### Entries supplied

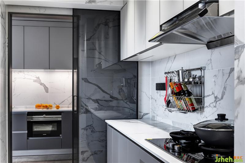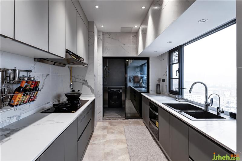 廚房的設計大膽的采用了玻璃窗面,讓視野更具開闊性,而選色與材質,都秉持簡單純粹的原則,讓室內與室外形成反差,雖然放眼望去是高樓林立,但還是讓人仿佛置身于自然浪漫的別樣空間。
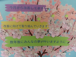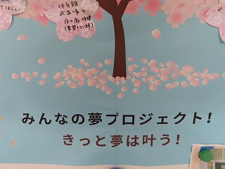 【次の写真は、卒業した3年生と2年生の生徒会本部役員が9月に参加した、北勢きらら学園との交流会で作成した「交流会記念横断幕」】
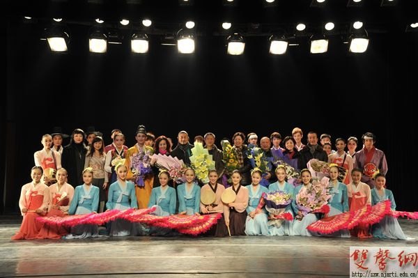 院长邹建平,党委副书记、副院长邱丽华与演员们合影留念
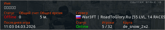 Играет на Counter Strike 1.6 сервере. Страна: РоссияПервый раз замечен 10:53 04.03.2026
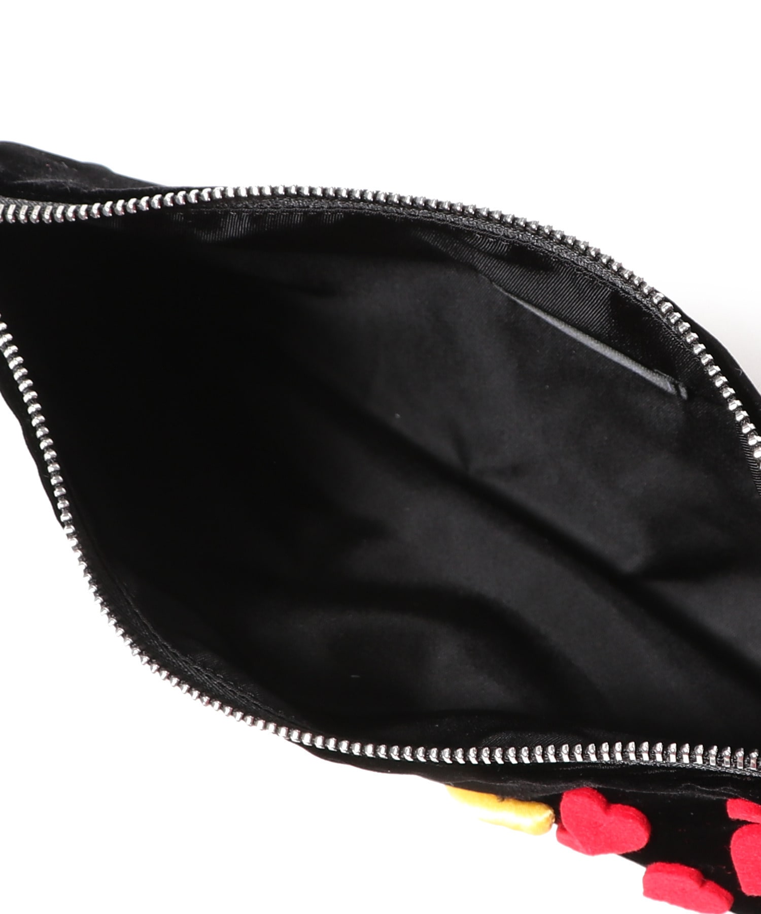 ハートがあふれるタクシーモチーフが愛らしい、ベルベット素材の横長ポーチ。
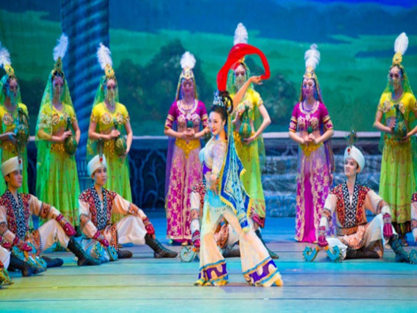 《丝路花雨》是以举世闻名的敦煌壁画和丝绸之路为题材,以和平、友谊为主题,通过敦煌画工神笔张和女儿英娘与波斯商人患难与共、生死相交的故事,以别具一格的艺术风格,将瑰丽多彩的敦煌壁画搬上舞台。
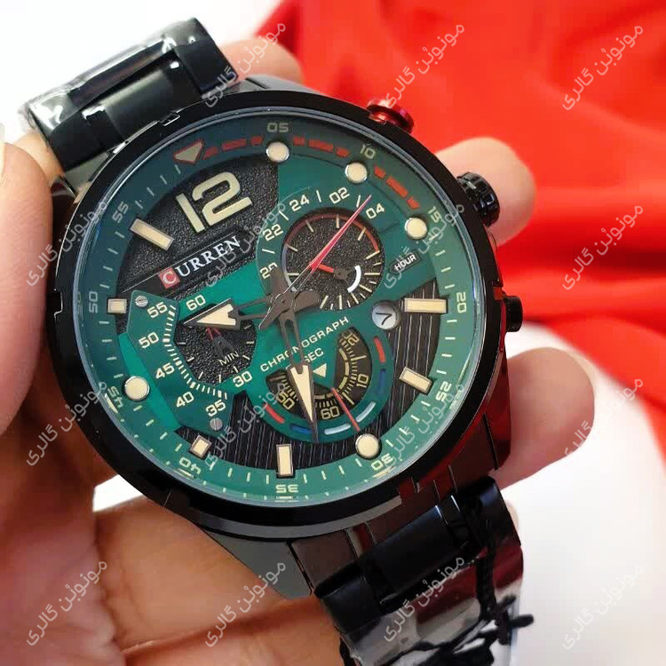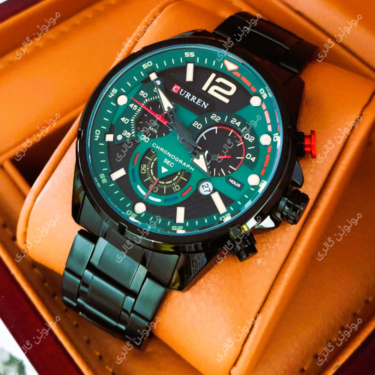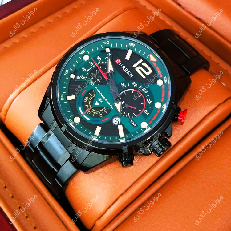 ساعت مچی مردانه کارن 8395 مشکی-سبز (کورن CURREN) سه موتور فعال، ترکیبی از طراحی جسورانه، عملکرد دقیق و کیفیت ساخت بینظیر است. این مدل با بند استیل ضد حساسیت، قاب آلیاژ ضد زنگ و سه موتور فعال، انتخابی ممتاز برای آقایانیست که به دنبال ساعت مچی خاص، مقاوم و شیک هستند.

######
### Entries supplied

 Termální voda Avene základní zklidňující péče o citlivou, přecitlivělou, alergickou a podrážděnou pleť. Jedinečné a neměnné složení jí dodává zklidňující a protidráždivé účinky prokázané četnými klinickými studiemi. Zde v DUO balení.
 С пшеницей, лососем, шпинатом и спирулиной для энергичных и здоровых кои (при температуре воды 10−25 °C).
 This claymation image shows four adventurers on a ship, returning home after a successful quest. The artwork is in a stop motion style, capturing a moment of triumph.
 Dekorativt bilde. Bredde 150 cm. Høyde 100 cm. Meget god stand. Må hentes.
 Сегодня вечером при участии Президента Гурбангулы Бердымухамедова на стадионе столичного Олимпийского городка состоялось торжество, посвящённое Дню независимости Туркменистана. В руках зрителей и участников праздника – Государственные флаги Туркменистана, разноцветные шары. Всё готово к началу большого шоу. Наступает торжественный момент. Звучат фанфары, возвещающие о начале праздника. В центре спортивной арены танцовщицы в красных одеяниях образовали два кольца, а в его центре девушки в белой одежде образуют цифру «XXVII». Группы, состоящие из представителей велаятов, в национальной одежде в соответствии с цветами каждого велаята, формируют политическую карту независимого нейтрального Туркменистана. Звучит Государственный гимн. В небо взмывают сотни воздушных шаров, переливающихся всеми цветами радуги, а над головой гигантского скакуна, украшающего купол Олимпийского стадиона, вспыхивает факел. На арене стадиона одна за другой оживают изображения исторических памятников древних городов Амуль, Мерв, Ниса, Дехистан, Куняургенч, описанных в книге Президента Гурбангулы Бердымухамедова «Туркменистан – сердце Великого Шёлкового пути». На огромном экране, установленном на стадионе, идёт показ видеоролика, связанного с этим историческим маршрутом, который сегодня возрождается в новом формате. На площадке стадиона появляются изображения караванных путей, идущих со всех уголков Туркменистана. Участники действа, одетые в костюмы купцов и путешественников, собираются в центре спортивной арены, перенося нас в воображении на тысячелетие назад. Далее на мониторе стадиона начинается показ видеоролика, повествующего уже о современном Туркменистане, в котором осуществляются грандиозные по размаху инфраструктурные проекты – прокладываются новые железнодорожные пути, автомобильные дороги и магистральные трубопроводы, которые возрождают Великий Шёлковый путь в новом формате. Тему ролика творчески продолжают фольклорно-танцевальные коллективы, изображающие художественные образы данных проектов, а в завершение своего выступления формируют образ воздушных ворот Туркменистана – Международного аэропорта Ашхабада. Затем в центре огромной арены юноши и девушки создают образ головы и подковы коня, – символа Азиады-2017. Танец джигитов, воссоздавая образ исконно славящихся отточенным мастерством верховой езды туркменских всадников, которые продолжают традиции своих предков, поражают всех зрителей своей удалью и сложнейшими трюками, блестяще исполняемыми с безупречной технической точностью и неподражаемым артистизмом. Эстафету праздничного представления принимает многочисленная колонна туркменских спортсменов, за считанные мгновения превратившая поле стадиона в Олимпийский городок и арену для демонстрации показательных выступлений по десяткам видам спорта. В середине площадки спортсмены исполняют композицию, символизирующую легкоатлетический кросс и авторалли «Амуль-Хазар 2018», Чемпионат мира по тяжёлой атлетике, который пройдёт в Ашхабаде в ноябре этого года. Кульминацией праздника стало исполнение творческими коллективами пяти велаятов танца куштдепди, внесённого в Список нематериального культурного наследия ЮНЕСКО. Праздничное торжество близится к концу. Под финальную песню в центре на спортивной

######
### Entries supplied

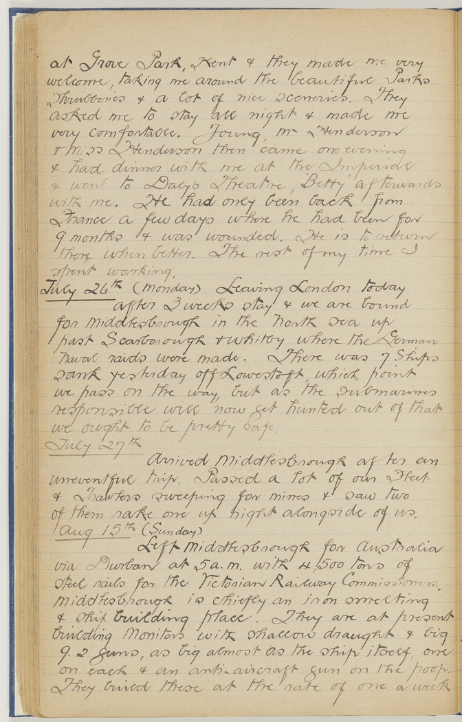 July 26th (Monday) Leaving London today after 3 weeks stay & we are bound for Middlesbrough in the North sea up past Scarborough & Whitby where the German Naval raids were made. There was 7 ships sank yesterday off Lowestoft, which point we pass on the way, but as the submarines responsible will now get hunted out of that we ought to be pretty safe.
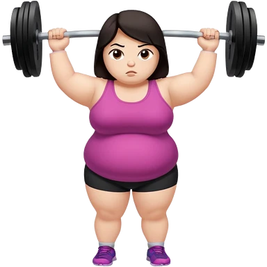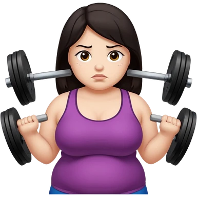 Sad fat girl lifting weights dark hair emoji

######

:: About this task ::
Keeping every character as it is, restate the lines above that run from the line with "Termální voda Avene" through the line with "Dekorativt bilde. Bredde", both included, and nothing else.

:: Answer ::
 Termální voda Avene základní zklidňující péče o citlivou, přecitlivělou, alergickou a podrážděnou pleť. Jedinečné a neměnné složení jí dodává zklidňující a protidráždivé účinky prokázané četnými klinickými studiemi. Zde v DUO balení.
 С пшеницей, лососем, шпинатом и спирулиной для энергичных и здоровых кои (при температуре воды 10−25 °C).
 This claymation image shows four adventurers on a ship, returning home after a successful quest. The artwork is in a stop motion style, capturing a moment of triumph.
 Dekorativt bilde. Bredde 150 cm. Høyde 100 cm. Meget god stand. Må hentes.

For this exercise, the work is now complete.